Consider this essay as one other example of all this. I’m trolling Hill at the moment. On Grio.com. I tell him his team is on the brink of losing and he cannot trust the process. If you’re thinking that I’ve been disrespectful in the press, you must see what I tell him in my text messages. You know he’s a real friend when you’ll be able to talk wildly and meanly to one another and it’s all love. It’s me and Hill. My brother called me a monster and I laughed.
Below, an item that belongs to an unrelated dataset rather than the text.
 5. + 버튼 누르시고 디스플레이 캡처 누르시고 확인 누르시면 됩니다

Either way, the Knicks are on the cusp of ending off the Sixers, and I’m here dunking on Hill. In the immortal words of Ice Cube, today is a fantastic day. The thing is, I’m not a Knicks fan. I hate their owner, James Dolan, who some people think he’s worst owner in sports. It was also called “stupidest owner in sports” I am unable to support him. There’s just one thing I’ll put aside my hatred for Dolan for, and that’s the likelihood to troll Dr. Hill. Can you think it – I’d reasonably Dolan be blissful than Hill. I hate Dolan and I like Hill, but still. True friends don’t desire the other person to be blissful in sports.
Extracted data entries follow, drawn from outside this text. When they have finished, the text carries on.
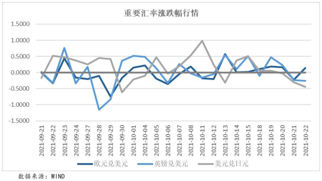 本周,在高通脹壓力以及美元受到打壓的背景下,歐元暫時(shí)保持升勢(shì)。本周歐元兌美元收于1.1642,周內(nèi)累計(jì)收漲0.34%。英國(guó)10月綜合PMI數(shù)據(jù)繼續(xù)上行,達(dá)到5月以來(lái)的最高位,企業(yè)復(fù)蘇勢(shì)頭強(qiáng)勁,支撐英鎊表現(xiàn)。本周英鎊兌美元收于1.3758,周內(nèi)累計(jì)收漲0.03%。本周,美元兌日元收于113.5000,周內(nèi)累計(jì)收跌0.66%。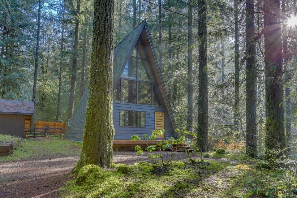 /This gorgeous a-frame is what I want when I say that I yearn for a cozy cabin in the woods. Maybe one day.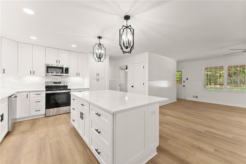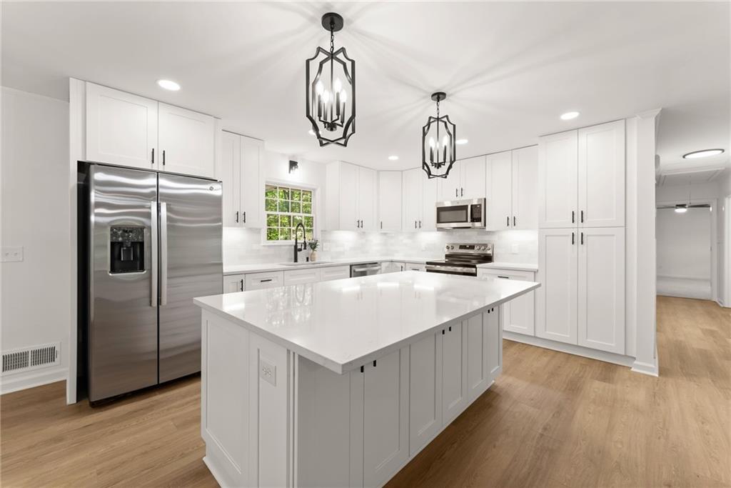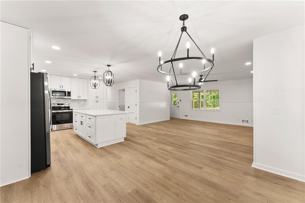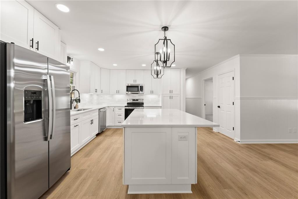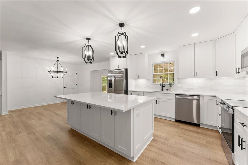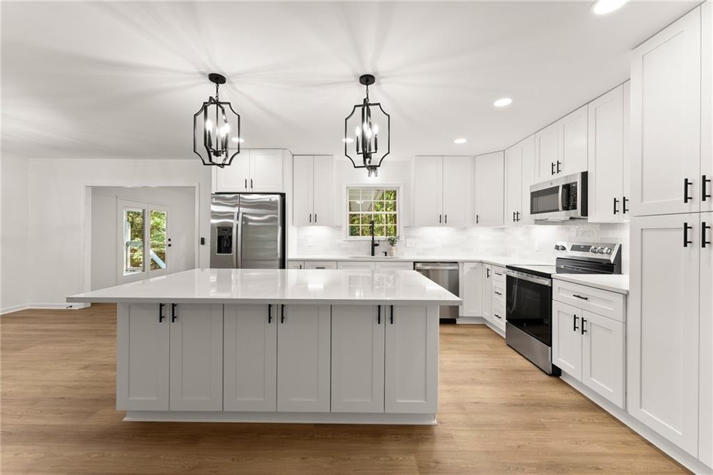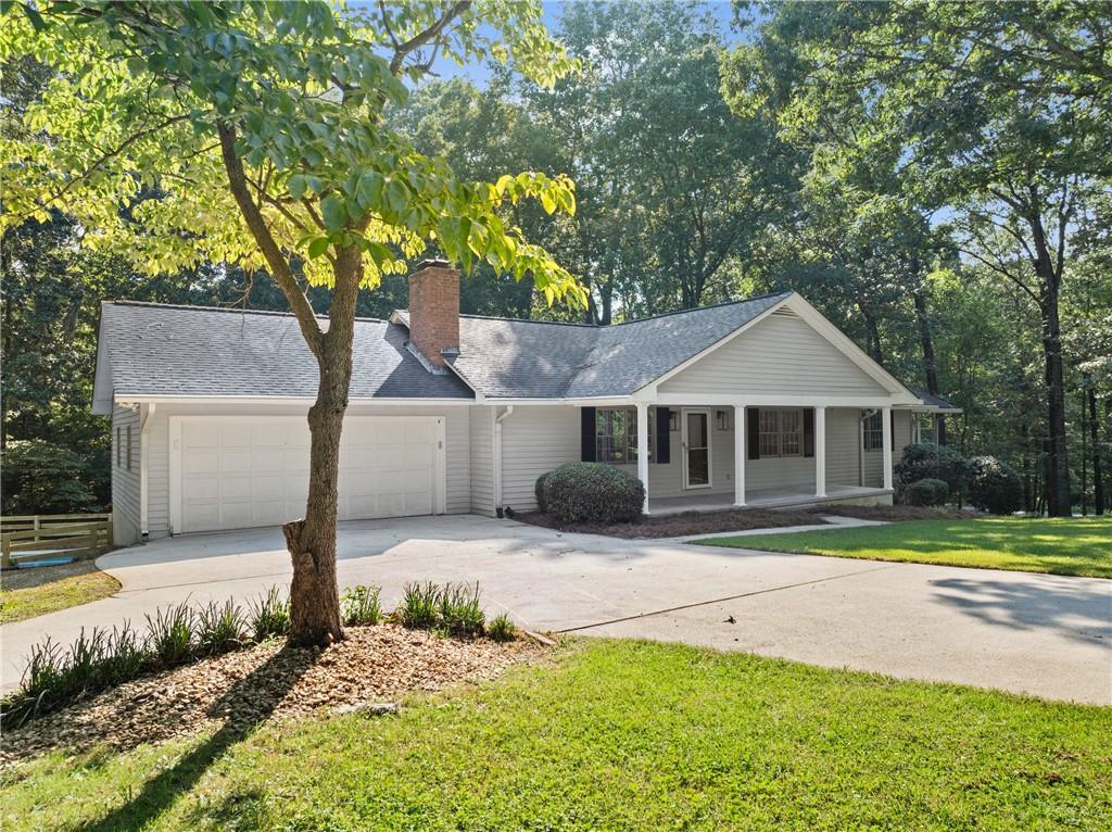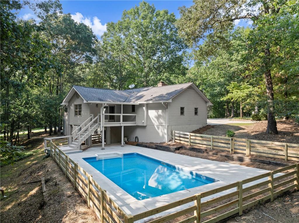 Welcome to your dream home! This stunning 3-bedroom, 3-bath renovated ranch on an unfinished basement perfectly blends modern elegance with natural charm. Situated on a corner lot and surrounded by lush greenery, this home features a spacious master-on-main suite with a luxurious bath offering a double vanity, separate shower, and tub/shower combo. The gourmet kitchen is a chef’s dream, showcasing white cabinets, a breakfast bar, kitchen island, solid surface counters, pantry, and an open view to the family room perfect for entertaining. The open-concept dining area flows seamlessly into the inviting family room, complete with a cozy fireplace. Enjoy the sunroom with its panoramic wooded views, and take advantage of the main-level laundry for added convenience. Downstairs, the unfinished basement offers endless possibilities with bath stub-out, daylight access, a second fireplace, and exterior entry. Step outside to your private backyard oasis featuring a fenced yard, in-ground pool, and a spacious deck ideal for summer lounging and entertaining. A secondary driveway provides easy access to the backyard, offering added convenience for guests or storage. Additional highlights include hardwood and carpet flooring, cathedral ceilings, walk-in closets, insulated windows, and a 2-car attached garage. Don’t miss your chance to call this serene retreat home, schedule your showing today!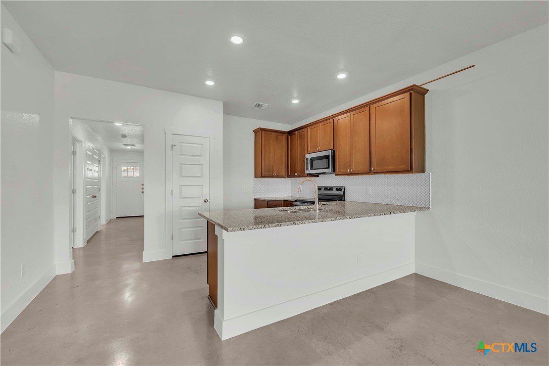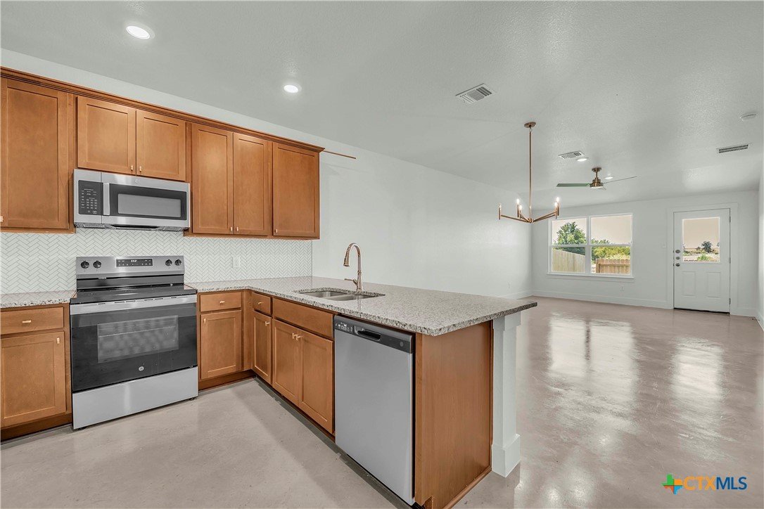 Discover the popular 'Nolan' floor plan by Flintrock Builders—a beautifully designed townhome offering 3 bedrooms, 2 bathrooms, and 1,174 square feet of thoughtfully crafted living space. This home features durable, low-maintenance sand and seal concrete flooring throughout, a fully sodded yard with a privacy fence and irrigation system, and a modern kitchen equipped with stainless steel appliances including a microwave, stove, and dishwasher. Ceiling fans in both the Master Suite and Family Room provide added comfort year-round. Known for their award-winning craftsmanship and attention to detail, Flintrock Builders continues to impress in the Parade of Homes. Please contact our sales team for complete details.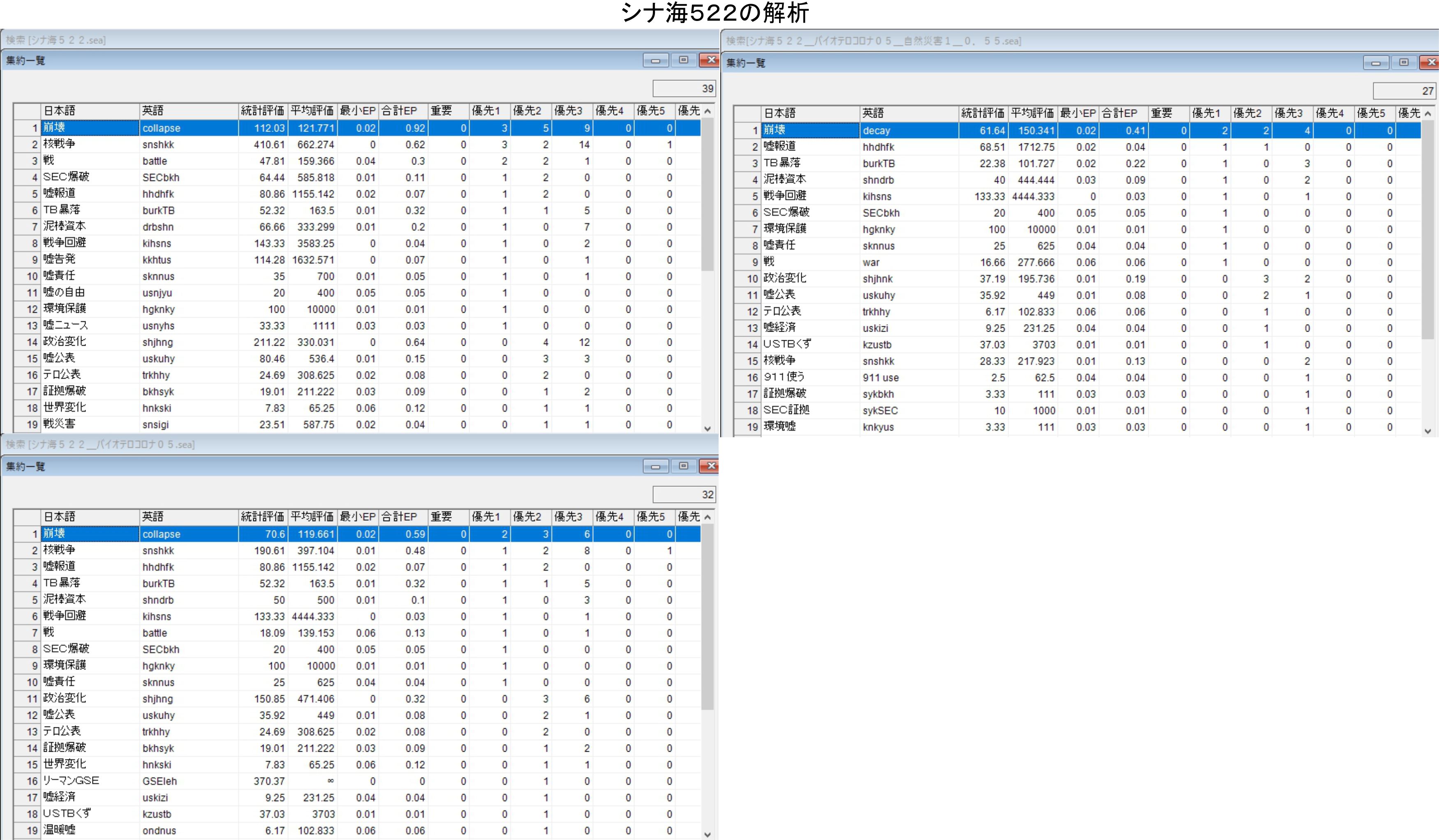 シナ海522ですが、東シナ海と南シナ海を同時に解析したいので中国の海としてシナ海としました。結果は自然災害をフィルター処理すると、核戦争が大きく順位を低下させるので、現実的な動きにも相応しいでしょう。いつどこが動くか次第でしょう。

Hill will owe me $100. Please support his bookstore, Uncle Bobbyso that he has enough money to pay me.

Tonight, after the Knicks win, please go to Hill’s Instagram page and look out for the video where Hill says Touré is smarter than Hill. I do know him. He’s going to post it on his story so it goes away. All right. I will repost it on my grid. It will live there ceaselessly.